With the economic downturn hurting retail sales, advertisers are trying a new technique to get people to spend their precious dollars on their products: compassion. It’s not working for us, and we’re not even in that dire of financial straits, but maybe we’re just cheap.
LA Times: Tough economic times are making new cars, clothing and electronics a tough sell. So corporate marketers are trying a new message: We feel your pain…
With October retail sales the slowest since 1971 and automakers posting huge third-quarter losses, companies across the country are struggling to persuade consumers to buy their goods and services…
The best way to persuade them to buy, advertisers say, is to emphasise value. Consumers are looking for long-lasting products that are good for the environment and are worth every penny, even if they cost a little more than competing items. They also want to cut back on waste and spend smartly. A new crop of ads is speaking to these concerns…

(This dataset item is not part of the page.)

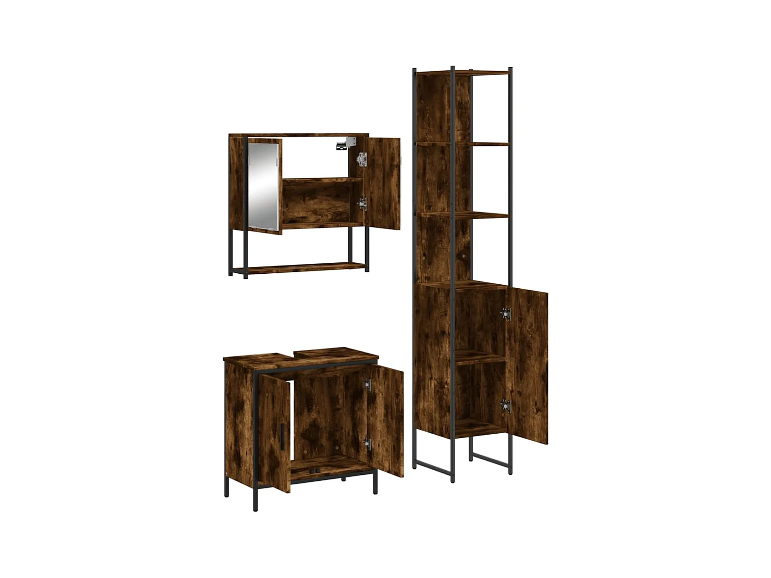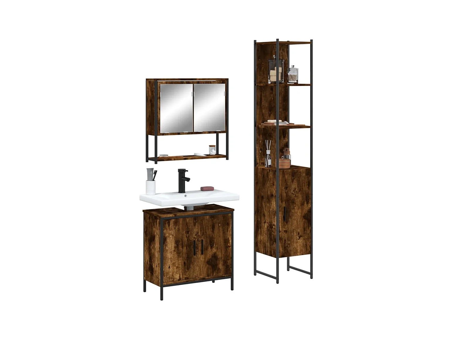 Set de muebles baño 3 pzas madera contrachapada roble ahumado

Madison Avenue is sure to shift even more heavily in this direction because it takes weeks or months to produce a television ad and get it on the air. Some current ads hark back to days when value was only a small part of the equation.
The LAT offers more examples of thrift-focused ads and the companies behind them explaining why they feel consumers’ pain. Meanwhile, 3,000 miles away, the NYT noticed the same trend.
NY Times: As the economy rapidly deteriorates from flourishing to floundering, marketers are scrambling to remake their advertising so products seem affordable and sensible rather than indulgent and fabulous. For many big marketers, including automakers, retailers, consumer product companies and even financial services, a major shift in consumer psychology spells an end to the aspirational advertising that has dominated their campaigns for the last decade.
There is a sense that expensive purchases — even if consumers can afford them — have become gauche, said Stephen J. Hoch, professor of marketing and director of the Jay H. Baker Retailing Initiative at the Wharton School of the University of Pennsylvania.
“At times like this, you don’t want to be as conspicuous,” Mr. Hoch said. “It’s really rude.”
That is true. It is rude to shop when others are struggling.
The trend toward frugality is sweeping along even wealthier Americans, or those Americans who still consider themselves wealthy after the last few months.
The well-to-do are “making lists, they’re planning, they’re comparison shopping, they’re starting to think more strategically,” said Pam Danziger, president of Unity Marketing, a market research company in Stevens, Pa.
Even so, she added, “many are simply staying out of the stores.”